I just started using multiple imputation in R using the mice
package. I want to conduct an independent t-test on the imputed data.
Here's a minimal working example:
library(mice)
# Create sample data frame
set.seed(42)
data <- data.frame(subject_id = 1:100,
group_var = rep(c("test", "control"), times = 50),
dep_var = rnorm(100, mean = 5, sd = 1),
aux_var = rnorm(100, mean = 20, sd = 4))
# Create dataset with missings
na_data <- data
na_data$dep_var[sample.int(100, 23)] <- NA
# Apply multiple imputation
imp_data <- mice(na_data, seed = 42, predictorMatrix = matrix(c(0, 0, 0, 0,
0, 0, 0, 0,
0, 0, 0, 1,
0, 0, 0, 0),
ncol = 4))
# Fit models to imputed dataset
fit = with(imp_data, lm(dep_var ~ group_var))
# Pool models and print summary
pooled_fit <- pool(fit)
summary(pooled_fit)
# compare to lm and t-test with full dataset
summary(lm(dep_var ~ group_var, data = data))
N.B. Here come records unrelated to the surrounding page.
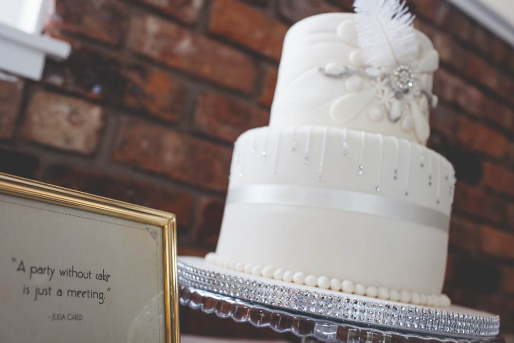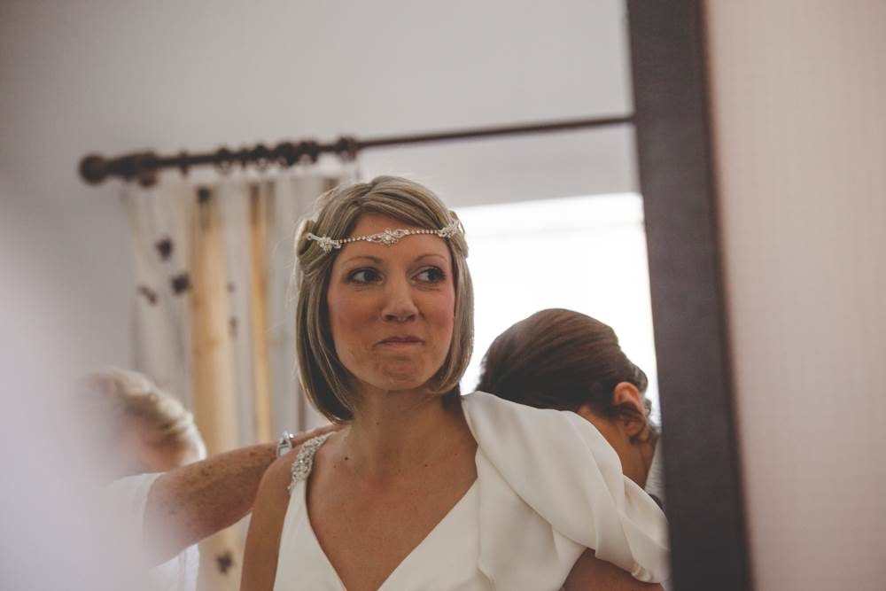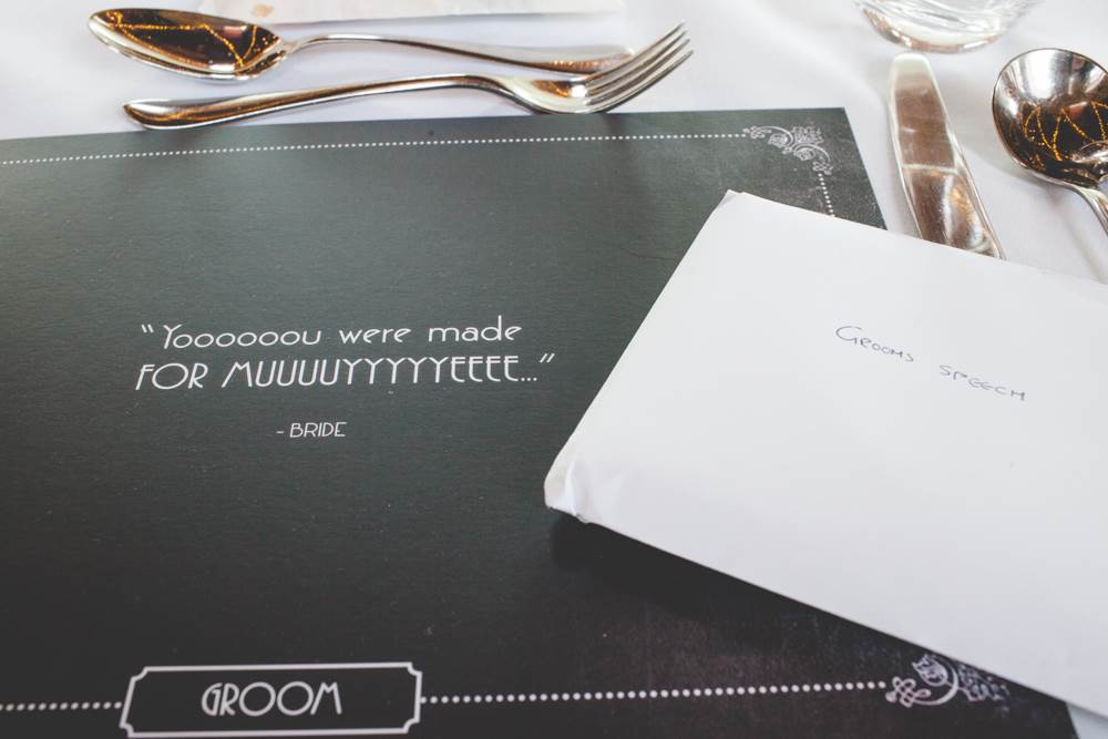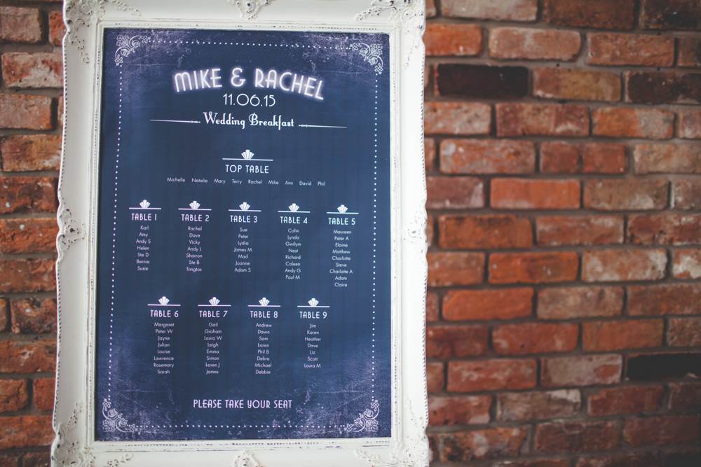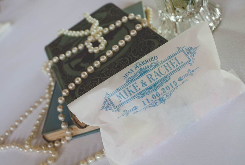 “I’ve always had a thing about the 1920s, the Charleston and art deco. I love how elegant, artistic and daft the era was, the women seemed to have a rebellious streak too which appeals! I like to think I’m all of the above! We had a 20s/silent movie theme running through from the invites to the placemats I designed (they included one-liners from our favourite comedians) and old picture frames with messages in them. We hung old weddings photographs of family members and friends families. The bridesmaid dresses and my own Enzoani dress were quite vintage/20s (which was quite accidental, I just happened to fall in love with a 1920s style dress!). The cake was based on a 20s vintage design. We also hired vintage props including vases, a suitcase for cards, beads and an easel for the table plan.”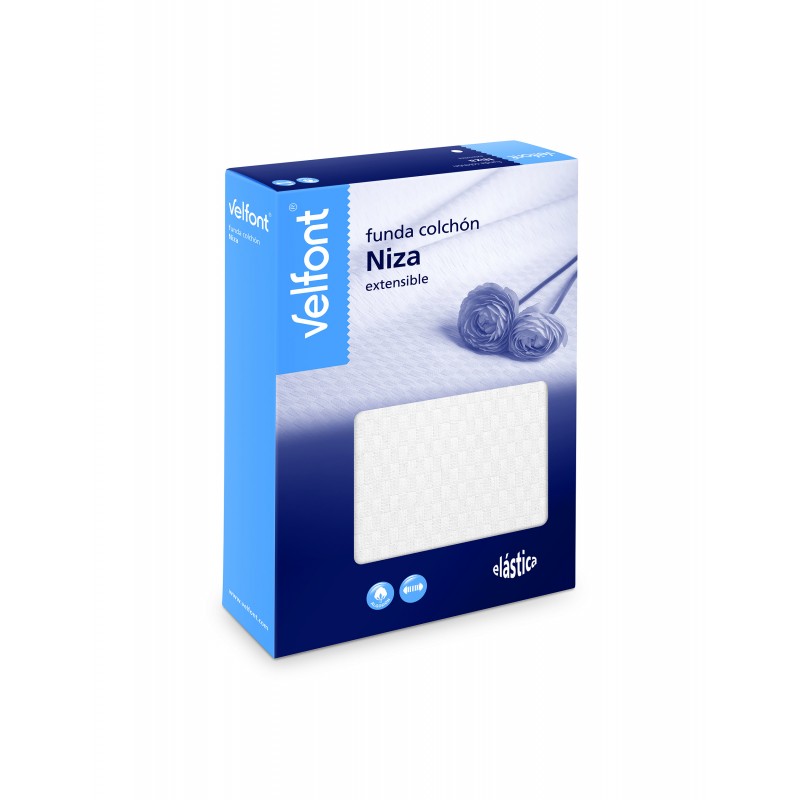 La funda de colchón Niza de Velfont está confeccionada con algodón que, combinado con el elastano, le proporciona una gran elasticidad y adaptabilidad a un tejido natural y altamente transpirable.
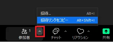 1. ミーティングが開始されたら,ミーティング画面の「参加者」の横の「^」を押して,「招待リンクをコピー」するか,ミーティング画面上部の緑色の盾マークから「リンクをコピー」して,参加者に通知してください.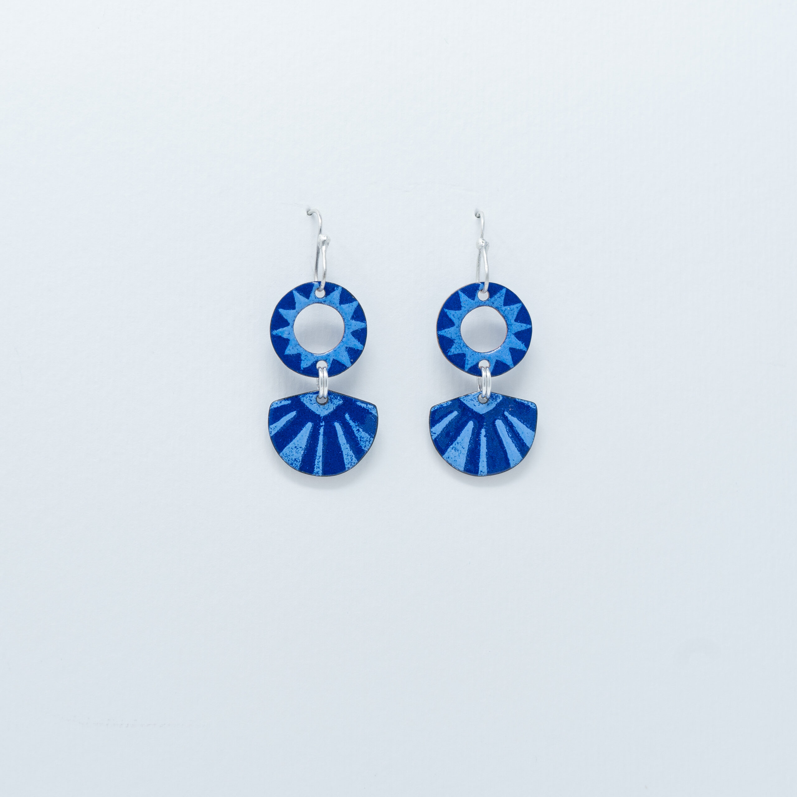 Vitreous enamel has been fired onto  copper design shapes at a temperature of around 830 degrees centigrade.   Each piece has had multiple firings and is time consuming to make. Length is 3.5cm excluding the handmade silver earring hook.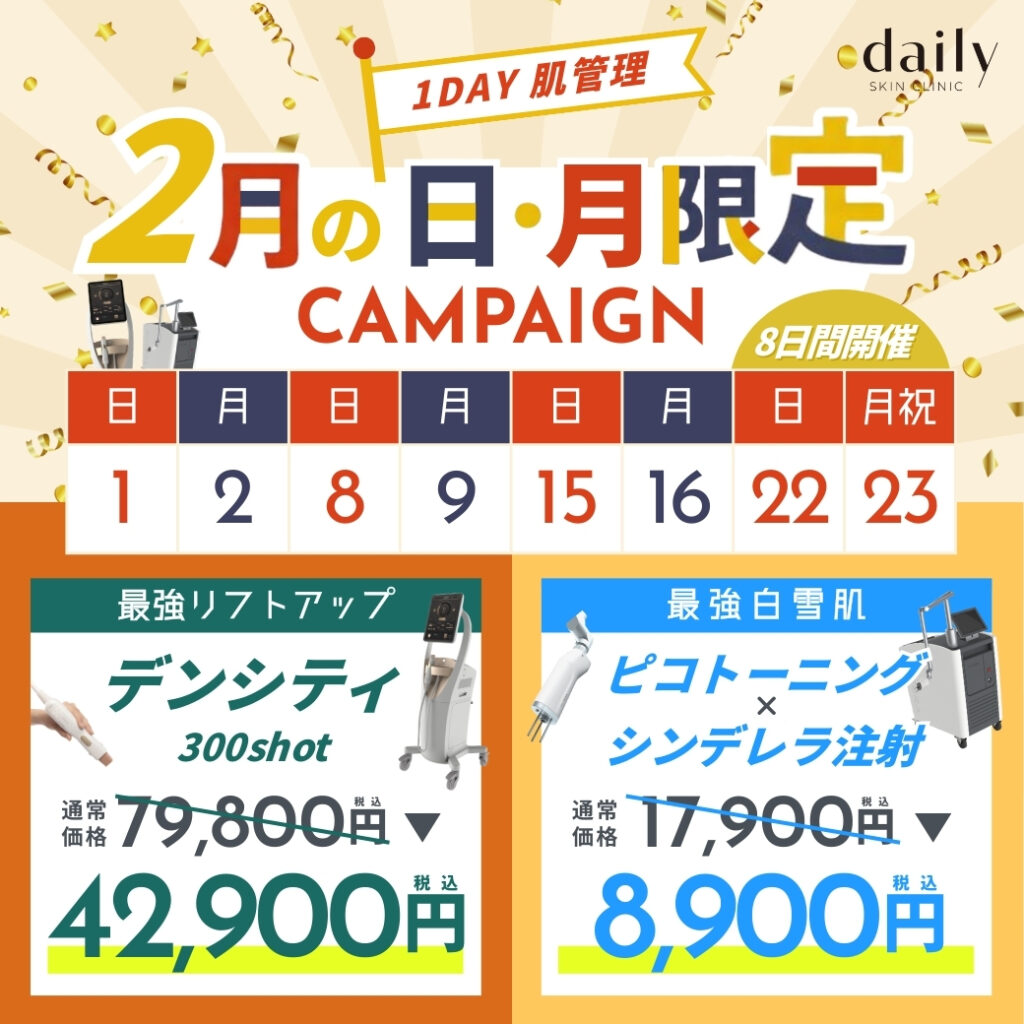 たるみ改善 or 白雪美肌 🎉 2月は日・月曜がお得 🎉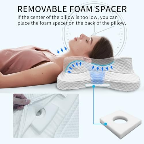 【Removable Foam Piece】Some individuals may not immediately adapt to the neck support when they start using the pillow. By adding this detachable foam piece at the bottom of the pillow to elevate the center, it can help alleviate strain on the neck. After gradually adapting and experiencing improvement, it can be slowly removed.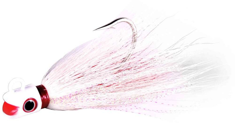 The Mustad Big Eye Bucktail Jig weighs 1/2 oz. and is built on a 32824NP-BN...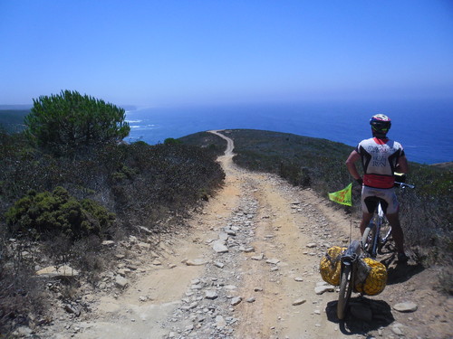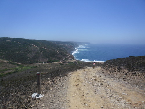 Mais uns kms e o trilho começava a ter piso mais irregular e a encontrar também alguns singletracks mais técnicos mas também mais interessantes e sempre com vista sobre o mar do lado esquerdo e a serra com alguns moinhos à direita.

t.test(dep_var ~ group_var, data = data)
I'm not quite sure if the call to lm
actually achieves what I'm trying to do (i.e. conduct an independent t-test).
Also, it would be nice to have a measure of the "pooled effect size" (in this case Cohen's d). For a single model, Cohen's d can be calculated using effsize::cohen.d
.
Any help on this would be great! Thank you.